Task statement: Copy the listing exactly, images excluded.

Records to process:
____________
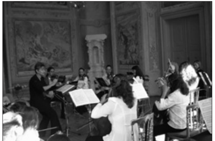
Koncert a kastélyban

tek, jó kedv és hihetetlen mennyiségű zenekari gyakorlás... és a fantasztikus záró Békekonzert!!! Mert ezt az egész találkozót a II. világháború tragédiái hívták életre: nemcsak a porig bombázott város, de a Kelet-Európából neumarkti munkatáborba deportált – és a bombázás alatt meghalt munkaszolgálatos – emberek emléke az, amely újra és újra erőt ad a szervezőknek. Ahogy ők mondták: a fiatalok nevelése és a barátságok által kell elérni, hogy többé ne legyen háború, ne legyen ilyen tragédia. Elmondható: minden erejükkel segítették, hogy jól érezzék magukat a résztvevők, hogy a barátságok kialakuljanak, és tovább szövődjenek. Köszönet érte a szervezőknek, városunk képviselő-testületének és a szponzoroknak.
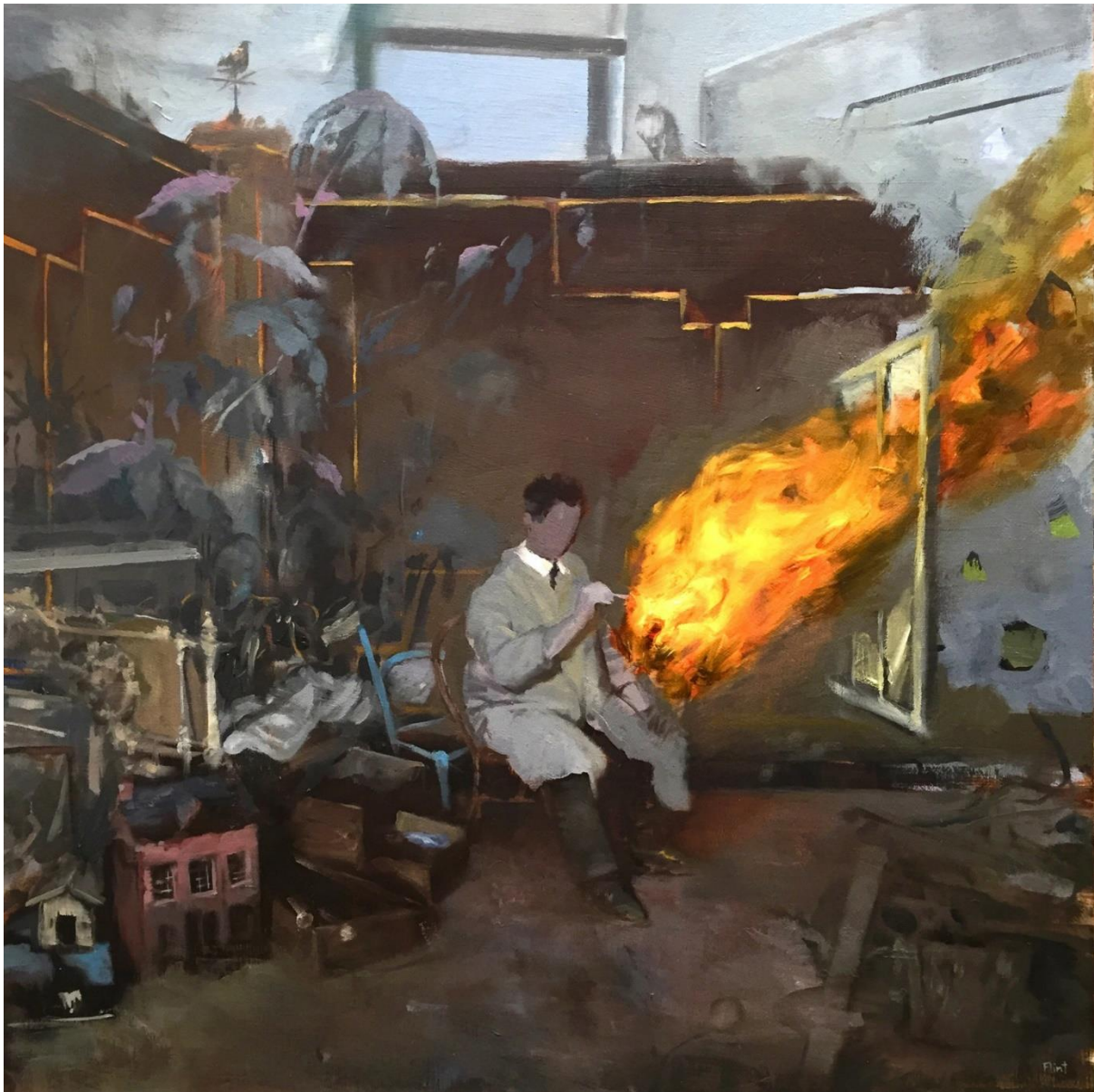
Slika 3. Joshua Flint, „Even in the Dim Light, ulje na drvenoj ploči, 18x18 inča

Joshua Flint je slikar iz SAD-a čija je temeljna preokupacija surealizam. Završio je umjetničku akademiju u San Francisku. Često na svojim slikama prikazuje nejasne, nerealne situacije koje zbunjuju promatrača, te ih često prepušta slobodnim naracijama koje obrađuju nejasni teritorij. Zato koristi puno bijele i crne u tonovima boja tako da „ubije“ kolorit, najčešće koristi hladne tonove te nejasne maglovite plohe. Tematike kojima se bavi su sjećanja, ekološki problemi, identitet i gubitak. Često koristi fotografije događaja kao predložak radi emocionalne povezanosti. Za razliku od mene, njegova djela nas vode u nadrealni svijet, u gotovo pa potpuno neprepoznatljivu dimenziju.
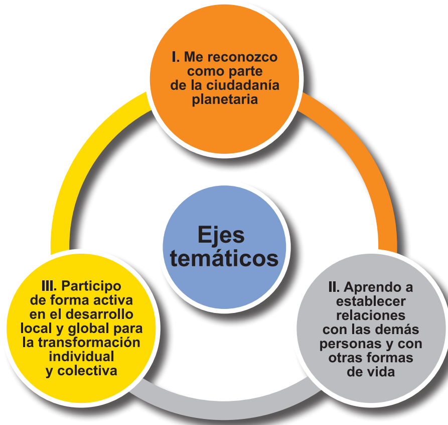
Figura 2. Esquema de los ejes temáticos en los programas de estudio de Orientación

En la siguiente figura se presentan los tres ejes temáticos que sustentan los Programas de Estudio de Orientación:
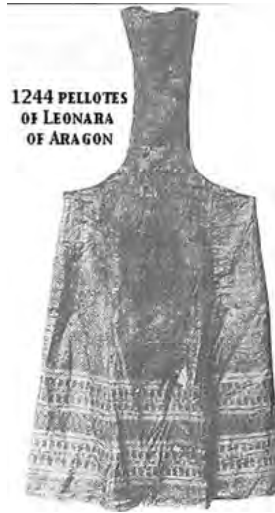
Рис. 4. Сюрко без боків (пелотес) Елеонори Арагонської (XIII ст.)
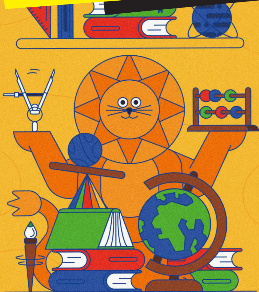
Illustration © Maison Tangible
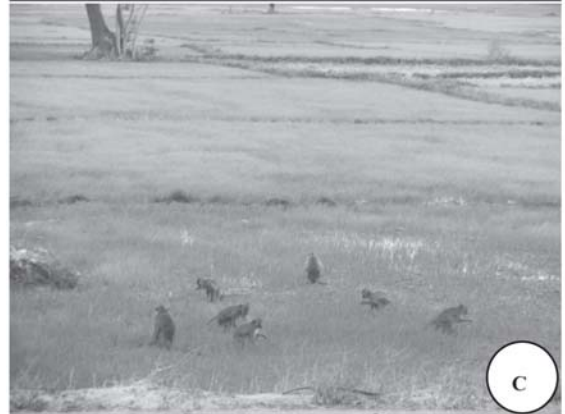
รูปที่ 3 ความขัดแย้งระหว่างลิงหางยาวกับมนุษย์
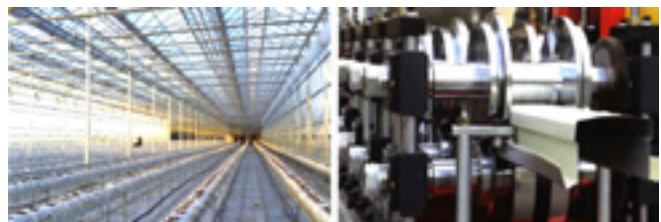
▲ 생산 제품 및 장비
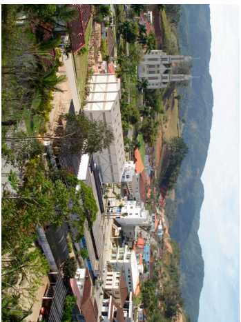
Estudo contempla todas as áreas do município

O Consórcio Hardt Engemim, responsável pela coordenação e condução do processo de revisão do Plano Diretor, concluiu um estudo de diagnóstico que abrange todas as áreas do município. Através deste estudo, será possível analisar mais profundamente as mudanças necessárias ao Plano Diretor da cidade.
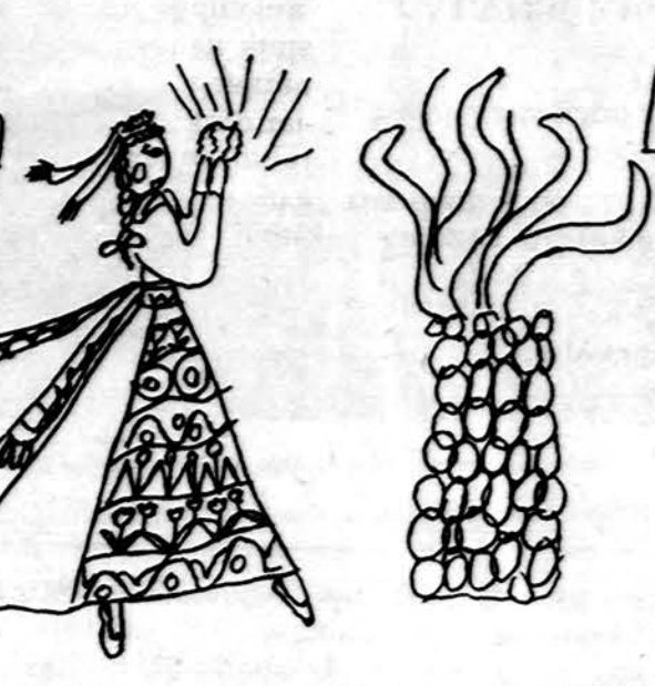
Lemonto Maironio lit. m-los 2 sk. mokinė. Piešė Lina Sidrytė,

Isteigtas Lietuvių Mokytojų Sąjungos Chicago skyriaus
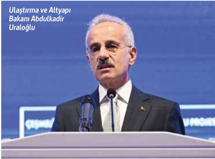
Ulaştırma ve Altyapı Bakanı Abdulkadir Uraloğlu
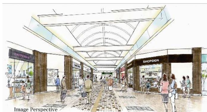
2011年(平成23年)春完成時 東西自由通路内観イメージ
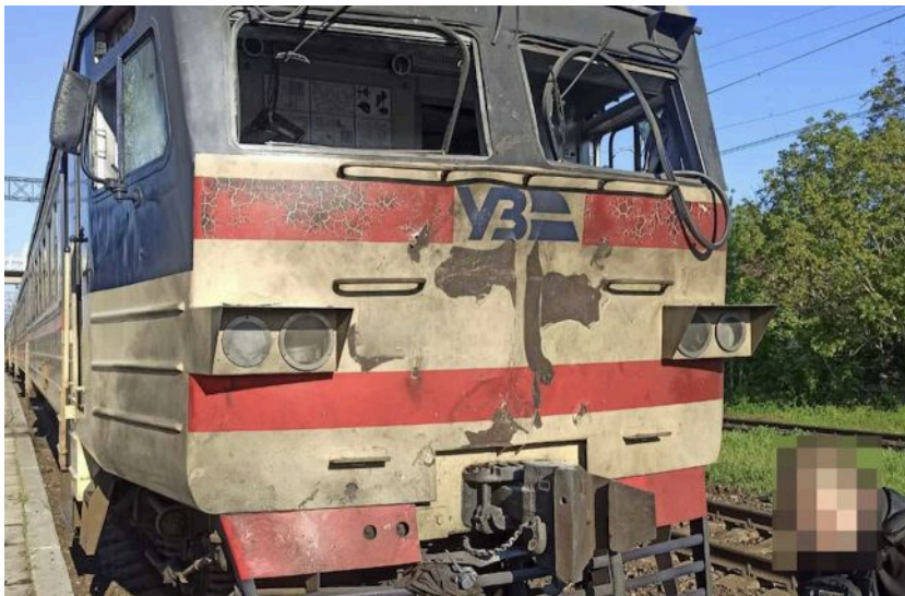
Фото: наслідки атаки на приміський поїзд
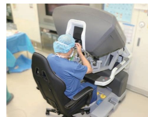
サージョンコンソール

の尿失禁が問題になる手術でした。また、前立腺の周囲は血流が豊富であることから比較的出血が多い手術でした。ロボット支援根治的前立腺摘除術が他の疾患の手術に先駆けていち早く保険適応となりました理由がここにあります。つまり、欧米で開始されたロボット支援手術では、従来の手術に比べて出血量が少なく、術後の尿禁制の回復も早いことがわかりました。その上、がんの制御でも従来の手術より優れている事が報告されました。本邦でも保険適応となつて数年間のデータで、従来の手術に比べてがんの治療においても、手術時の出血量の点でも、術後の尿禁制の面でも優れていることが証明されました。当院では2018年以降、前立腺がんに対する根治術を希望される方には患者さんのメリットを考え、旭川での施設を紹介することとしてきました。当院でロボット
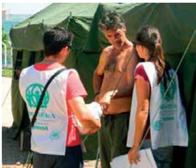
ADRA, siempre presente cuando las personas más lo necesitan.
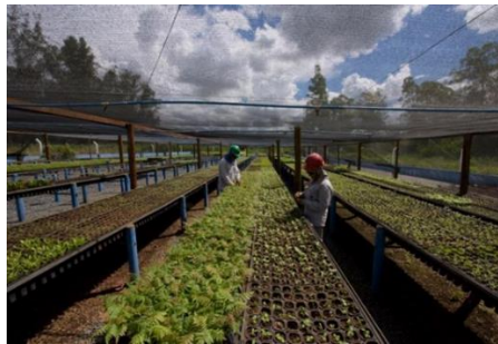
Figura 1. Viveiro de mudas nativas Reserva Particular de desenvolvimento Sustentável Legado Verdes do Cerrado

realizada na reserva, que conta com uma sùtil infraestrutura para acomodar os pesquisadores de diversos lugares do Brasil dentro da RPDS Legado Verdes do Cerrado. Ainda dentro dos conjuntos de proposta, foram implementadas as atividades convencionais relacionadas à agricultura; produção de mel em larga escala; o cultivo de soja transgênica, com média de 55 sacas por hectare no ano de 2018, e de milho safrinha com média de 80 sacas por hectare (Idem).
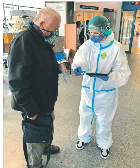
V nemocnici Jihlava se během krizové situace způsobené koronavirem zapojilo do různých činností velké množství nových dobrovolníků. Vzhledem ke specifickému prostředí nemocnice využili především zdravotníky a studenty zdravotnických oborů, kteří již mají zkušenost s ochrannými pomůckami a jejich používáním

S doučováním mají dobrovolníci z Portima zkušenosti, ať již z provozu sociálních služeb (Sociálně aktivizační služby pro rodiny s dětmi, Nízkoprahové zařízení pro děti a mládež), anebo přímo v rámci dobrovolnického programu Kámoš. V době epidemie mohlo být pro rodiče domácí vzdělávání velice náročné, a proto se dobrovolníci v Portimu rozhodli rodičům tuto roli usnadnit. Organizace má ve svých řadách několik dobrovolníků – učitelů. Ti jsou k dispozici např. na Messengeru nebo Skypu, případně i na telefonu. Žáci s nimi mohli konzultovat úkol, se kterým si nevěděli rady, nechat si dovysvětlit nové učivo, které nechápou, anebo se např. připravovat na přijímací zkoušky na střední školu.
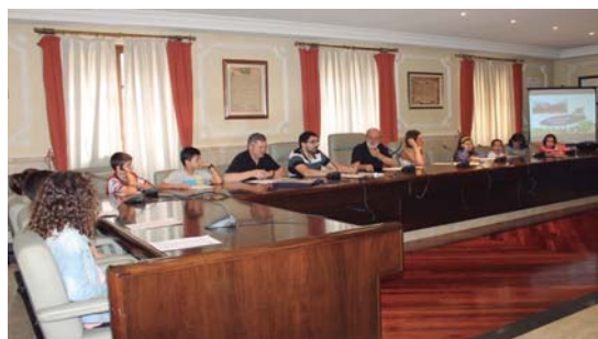
Udalbatzar aretoa ikasleek hartu zuten asteazkenean.
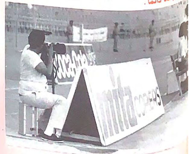
جوفاني مصور «الرياضية» أضبط يا حكم (غير مكانه)!!!
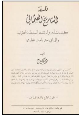
Gambar 1: Halaman muka hadapan karya Falsafah al-Tarikh al-'Uthmani cetakan Maktabah Shadir di Beirut pada tahun 1925.
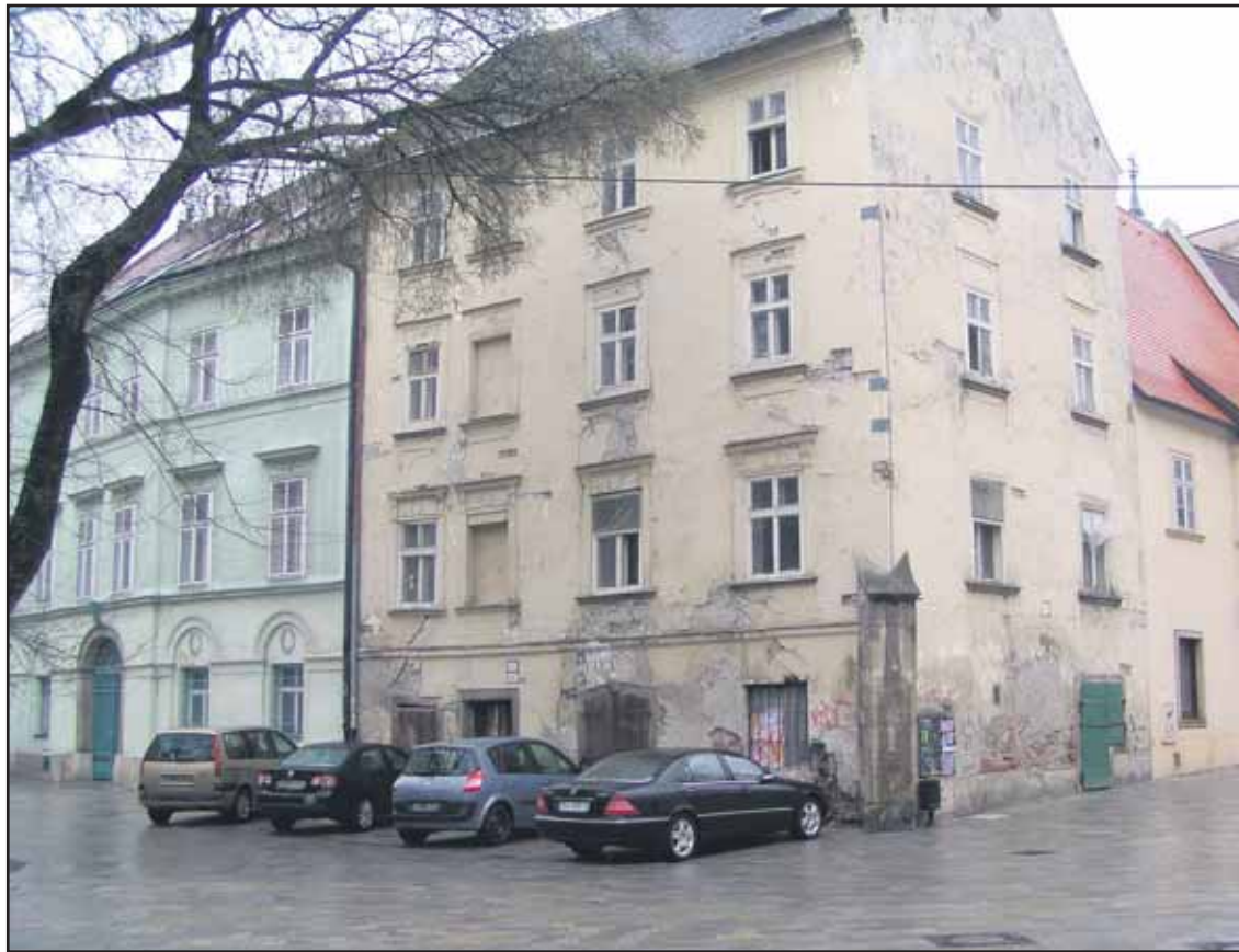
Investor nevie, čo s domami na Františkánskom námestí. Preto vyhlásil súťaž!

Súhlasíte s výstavbou megakasína Metropolis v Bratislave? Zapojte sa do ankety na www.banoviny.sk, hlasovanie potrvá ešte týždeň. Hlasovať z jedného počítača je možné iba raz. (ado)
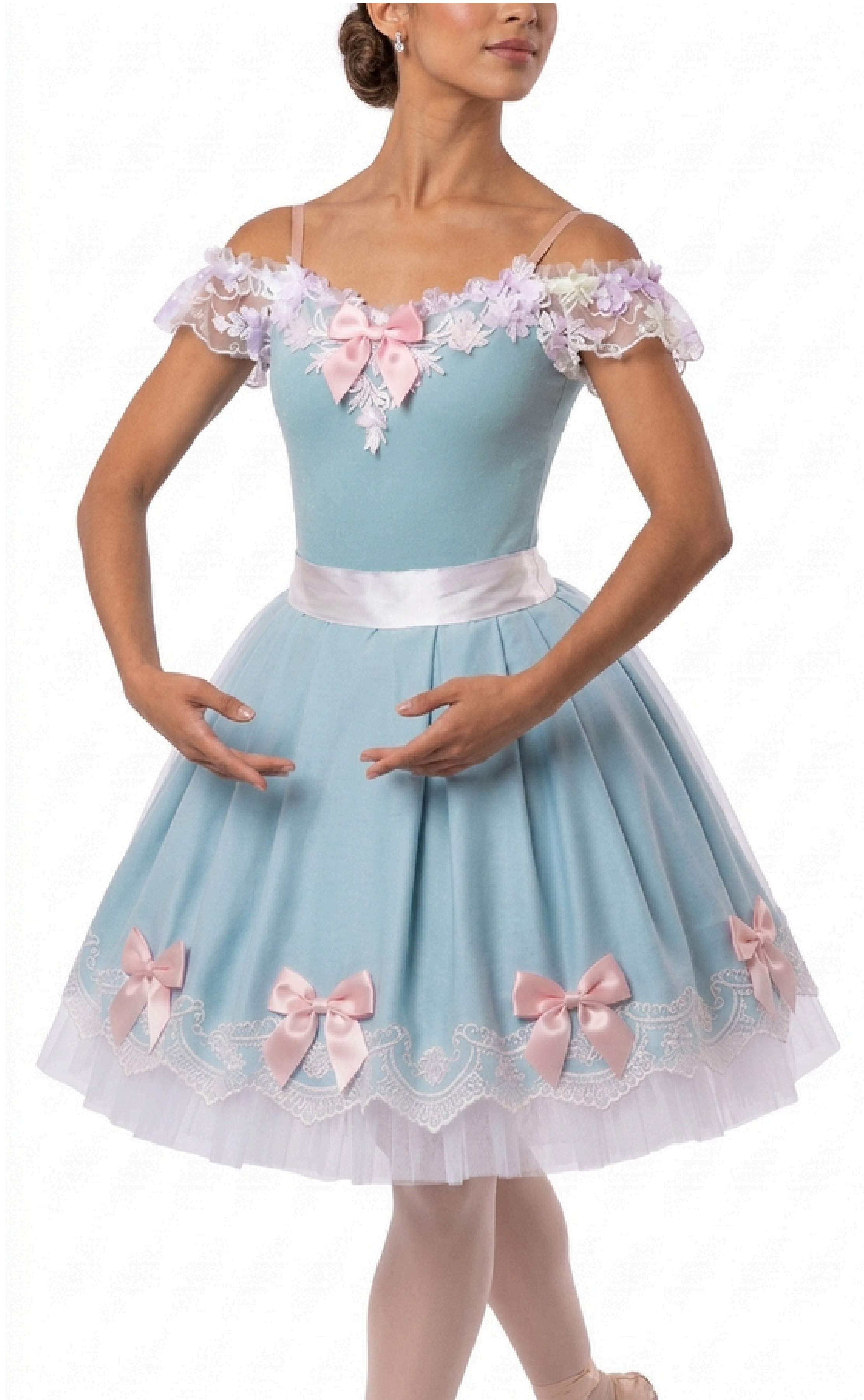
IMAGEM GERADA POR IA MERAMENTE ILUSTRATIVA
____________
Result below:
Koncert a kastélyban

tek, jó kedv és hihetetlen mennyiségű zenekari gyakorlás... és a fantasztikus záró Békekonzert!!! Mert ezt az egész találkozót a II. világháború tragédiái hívták életre: nemcsak a porig bombázott város, de a Kelet-Európából neumarkti munkatáborba deportált – és a bombázás alatt meghalt munkaszolgálatos – emberek emléke az, amely újra és újra erőt ad a szervezőknek. Ahogy ők mondták: a fiatalok nevelése és a barátságok által kell elérni, hogy többé ne legyen háború, ne legyen ilyen tragédia. Elmondható: minden erejükkel segítették, hogy jól érezzék magukat a résztvevők, hogy a barátságok kialakuljanak, és tovább szövődjenek. Köszönet érte a szervezőknek, városunk képviselő-testületének és a szponzoroknak.
Slika 3. Joshua Flint, „Even in the Dim Light, ulje na drvenoj ploči, 18x18 inča

Joshua Flint je slikar iz SAD-a čija je temeljna preokupacija surealizam. Završio je umjetničku akademiju u San Francisku. Često na svojim slikama prikazuje nejasne, nerealne situacije koje zbunjuju promatrača, te ih često prepušta slobodnim naracijama koje obrađuju nejasni teritorij. Zato koristi puno bijele i crne u tonovima boja tako da „ubije“ kolorit, najčešće koristi hladne tonove te nejasne maglovite plohe. Tematike kojima se bavi su sjećanja, ekološki problemi, identitet i gubitak. Često koristi fotografije događaja kao predložak radi emocionalne povezanosti. Za razliku od mene, njegova djela nas vode u nadrealni svijet, u gotovo pa potpuno neprepoznatljivu dimenziju.
Figura 2. Esquema de los ejes temáticos en los programas de estudio de Orientación

En la siguiente figura se presentan los tres ejes temáticos que sustentan los Programas de Estudio de Orientación:
Рис. 4. Сюрко без боків (пелотес) Елеонори Арагонської (XIII ст.)
Illustration © Maison Tangible
รูปที่ 3 ความขัดแย้งระหว่างลิงหางยาวกับมนุษย์
▲ 생산 제품 및 장비
Estudo contempla todas as áreas do município

O Consórcio Hardt Engemim, responsável pela coordenação e condução do processo de revisão do Plano Diretor, concluiu um estudo de diagnóstico que abrange todas as áreas do município. Através deste estudo, será possível analisar mais profundamente as mudanças necessárias ao Plano Diretor da cidade.
Lemonto Maironio lit. m-los 2 sk. mokinė. Piešė Lina Sidrytė,

Isteigtas Lietuvių Mokytojų Sąjungos Chicago skyriaus
Ulaştırma ve Altyapı Bakanı Abdulkadir Uraloğlu
2011年(平成23年)春完成時 東西自由通路内観イメージ
Фото: наслідки атаки на приміський поїзд
サージョンコンソール

の尿失禁が問題になる手術でした。また、前立腺の周囲は血流が豊富であることから比較的出血が多い手術でした。ロボット支援根治的前立腺摘除術が他の疾患の手術に先駆けていち早く保険適応となりました理由がここにあります。つまり、欧米で開始されたロボット支援手術では、従来の手術に比べて出血量が少なく、術後の尿禁制の回復も早いことがわかりました。その上、がんの制御でも従来の手術より優れている事が報告されました。本邦でも保険適応となつて数年間のデータで、従来の手術に比べてがんの治療においても、手術時の出血量の点でも、術後の尿禁制の面でも優れていることが証明されました。当院では2018年以降、前立腺がんに対する根治術を希望される方には患者さんのメリットを考え、旭川での施設を紹介することとしてきました。当院でロボット
ADRA, siempre presente cuando las personas más lo necesitan.
Figura 1. Viveiro de mudas nativas Reserva Particular de desenvolvimento Sustentável Legado Verdes do Cerrado

realizada na reserva, que conta com uma sùtil infraestrutura para acomodar os pesquisadores de diversos lugares do Brasil dentro da RPDS Legado Verdes do Cerrado. Ainda dentro dos conjuntos de proposta, foram implementadas as atividades convencionais relacionadas à agricultura; produção de mel em larga escala; o cultivo de soja transgênica, com média de 55 sacas por hectare no ano de 2018, e de milho safrinha com média de 80 sacas por hectare (Idem).
V nemocnici Jihlava se během krizové situace způsobené koronavirem zapojilo do různých činností velké množství nových dobrovolníků. Vzhledem ke specifickému prostředí nemocnice využili především zdravotníky a studenty zdravotnických oborů, kteří již mají zkušenost s ochrannými pomůckami a jejich používáním

S doučováním mají dobrovolníci z Portima zkušenosti, ať již z provozu sociálních služeb (Sociálně aktivizační služby pro rodiny s dětmi, Nízkoprahové zařízení pro děti a mládež), anebo přímo v rámci dobrovolnického programu Kámoš. V době epidemie mohlo být pro rodiče domácí vzdělávání velice náročné, a proto se dobrovolníci v Portimu rozhodli rodičům tuto roli usnadnit. Organizace má ve svých řadách několik dobrovolníků – učitelů. Ti jsou k dispozici např. na Messengeru nebo Skypu, případně i na telefonu. Žáci s nimi mohli konzultovat úkol, se kterým si nevěděli rady, nechat si dovysvětlit nové učivo, které nechápou, anebo se např. připravovat na přijímací zkoušky na střední školu.
Udalbatzar aretoa ikasleek hartu zuten asteazkenean.
جوفاني مصور «الرياضية» أضبط يا حكم (غير مكانه)!!!
Gambar 1: Halaman muka hadapan karya Falsafah al-Tarikh al-'Uthmani cetakan Maktabah Shadir di Beirut pada tahun 1925.
Investor nevie, čo s domami na Františkánskom námestí. Preto vyhlásil súťaž!

Súhlasíte s výstavbou megakasína Metropolis v Bratislave? Zapojte sa do ankety na www.banoviny.sk, hlasovanie potrvá ešte týždeň. Hlasovať z jedného počítača je možné iba raz. (ado)
IMAGEM GERADA POR IA MERAMENTE ILUSTRATIVA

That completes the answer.